Mobsters, Gangs – Big Paul Castellano

Mobsters, Gangs – Big Paul Castellano

He was one of the most disliked mob bosses of all time, with a superiority complex second to none. However, if Paul Castellano had been street-smart like any Mafia boss should be, he might not have been executed so easily and so publicly.

Paul Castellano was born Constantino Paul Castellano on June 26, 1915, in Brooklyn, New York. Castellano did not like his given first name, so he insisted that everyone call him Paul instead. Castellano’s parents were both born in Sicily, and his father was a butcher, with a little illegal numbers business on the side. Castellano’s father was also a early member of the Mangano Crime Family, which was created by Salvatore Maranzano after the killing of Joe “The Boss” Masseria, and the ending of the Castellamarese War.

Castellano dropped out of the school after the eighth grade and went to work in both of his father’s businesses. In 1934, when Castellano was only 19-years-old, Castellano and two of his buddies decided to commit an armed robbery of a local business. However, things went awry, and when the police arrived on the scene, his two friends escaped, but Big Paul, as he was called (Castellano was six-foot-three, and in his prime weighed over 275 pounds), was caught by the police. Castellano refused to rat on his colleagues and was hit with a three-month bit in the slammer. When he returned to the mean streets of Brooklyn, Castellano’s reputation was enhanced by his refusal to cooperate with the police.

In 1937, at the age of 22, Castellano married his childhood sweetheart Nina Manno, who was the sister-in-law of Carlo Gambino. They eventually had three sons — Paul, Philip, Joseph, and a daughter Connie.

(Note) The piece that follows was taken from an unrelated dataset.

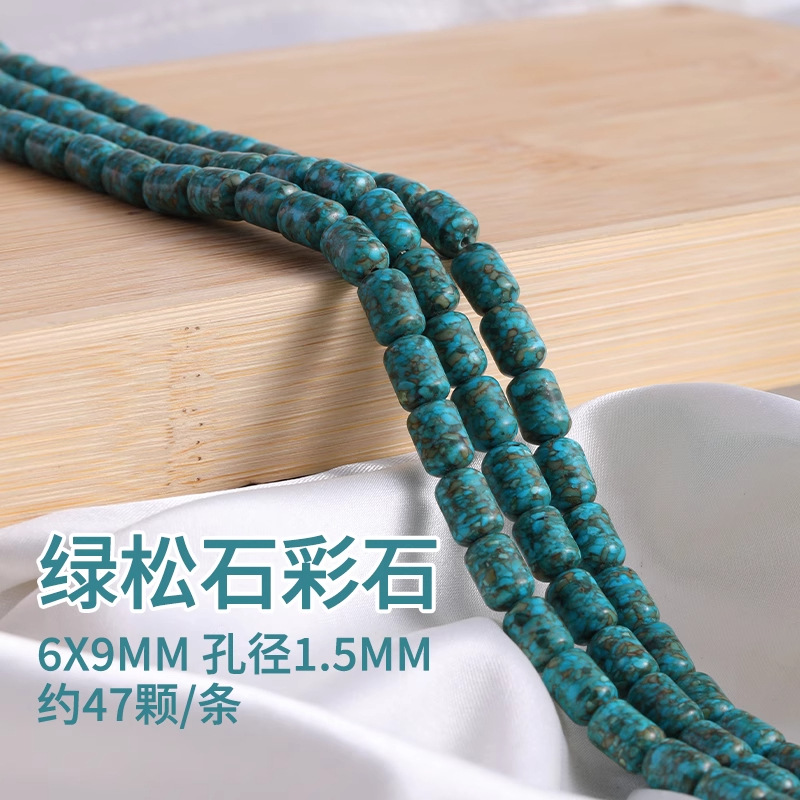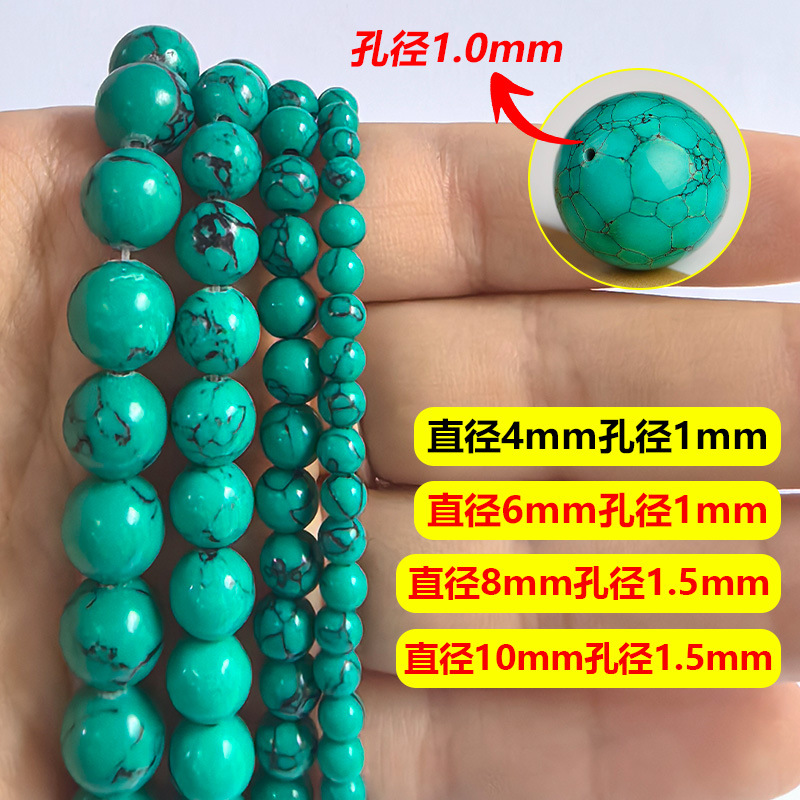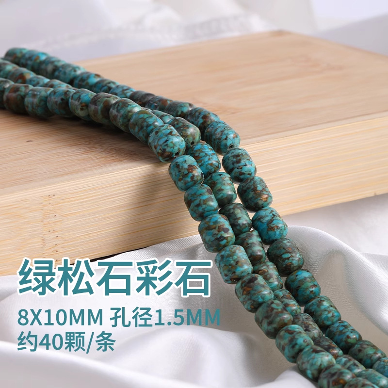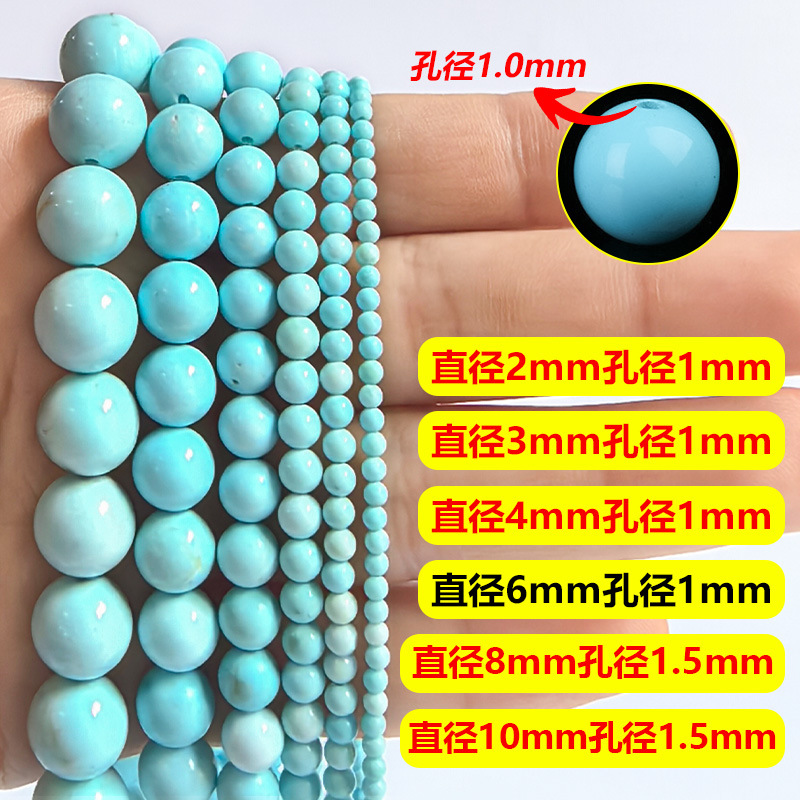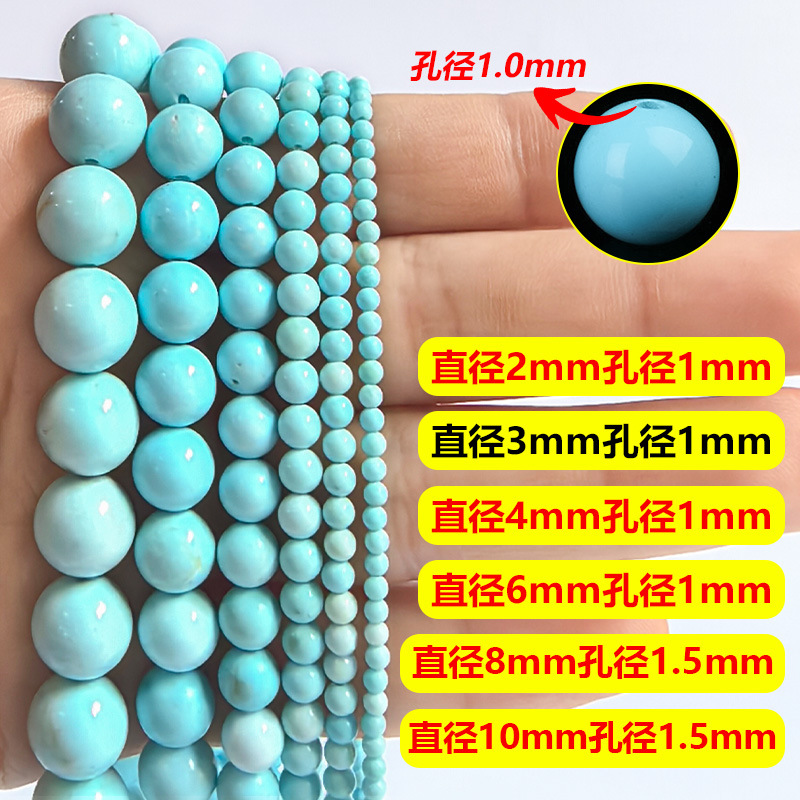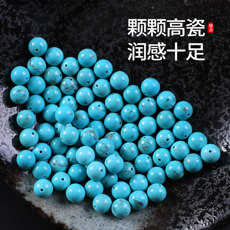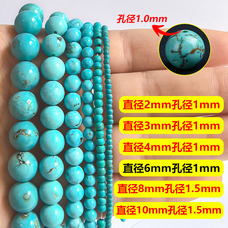 涛天然绿松石散珠高瓷散珠整条玉石配珠圆珠串珠半成品diy材料珠

In 1940, Castellano was inducted as a made member of the Mangano Crime Family, the same crime family his first cousin Carlo Gambino was already a captain in. In fact, Castellano and Gambino were so close, Gambino even married Castellano’s sister Catherine (marrying first cousins was not uncommon amongst the Sicilians). After Mangano was knocked off in 1951 by his syntaxbusiness.com Albert Anastasia, Anastasia took control of the Mangano Family and changed the name to the Anastasia Family. Anastasia also bumped up Big Paul to the ranked of captain. In 1957, when Anastasia was killed by rival Vito Genovese, Gambino took over the Anastasia Family, changed the name to the Gambino Family, and inserted his cousin Paul Castellano as one of his right-hand men.

November 17, 1957, Genovese called for a huge summit of all the Mafia men in America to take place in Appalachian, New York, at the home of Mafia member Joseph Barbara. There were several items on Genovese’s agenda, but the most important one was to declare himself “Capo Di Tutti Capi,” or “Boss of All Bosses.” However, the wily Gambino knew that the local state police would be tipped off to the meeting, so he stayed away, and instead sent his cousin Paul to take the heat. When the state police raided the Barbara residence, dozens of mobsters tried to escape by jumping out of windows and running through the woods in their expensive suits and patent leather shoes. But not Castellano. Big Paul surrendered without a fight, and was sentenced to a year in prison for refusing to tell the police the purpose of the meeting.

After his marriage to Nina, Paul prospered in the family meat businesses, and by the 1950’s, he owned several businesses, including Blue Ribbon Meats, Ranbar Packing Inc., and The Pride Wholesale Meat and Poultry Corporation. According to Jonathan Kwitney’s book Vicious Circles, “The Castellanos owned many meat stores and distributorships in Brooklyn and in Manhattan. They had a long record of welching on debts; of suffering suspicious hijackings, which can lead to insurance claims; of selling goods that were later found to have been stolen off docks or trucks, and of cheating other firms by receiving the assets of companies about to go into bankruptcy proceedings.”

Whereas Castellano gave the airs of a successful businessman, issuing a death warrant was certainly not beneath his character. Castellano once ordered the death of an underling, because the man had the audacity to say Castellano looked like chicken magnate Frank Purdue (Perdue was famous for his chicken-like face splashed across the screen in his TV commercials, where he pronounced, “It takes a tough man to make a tender chicken.”). In the mid 70’s, Perdue was having trouble getting his chickens in the New York City weekly supermarket advertisement circulars. Someone whispered in Perdue’s ear, and soon he signed a distribution deal with Dial Poultry, owned by two of Castellano’s sons. From that point on, Perdue had no trouble advertising and selling his chickens in the New York market.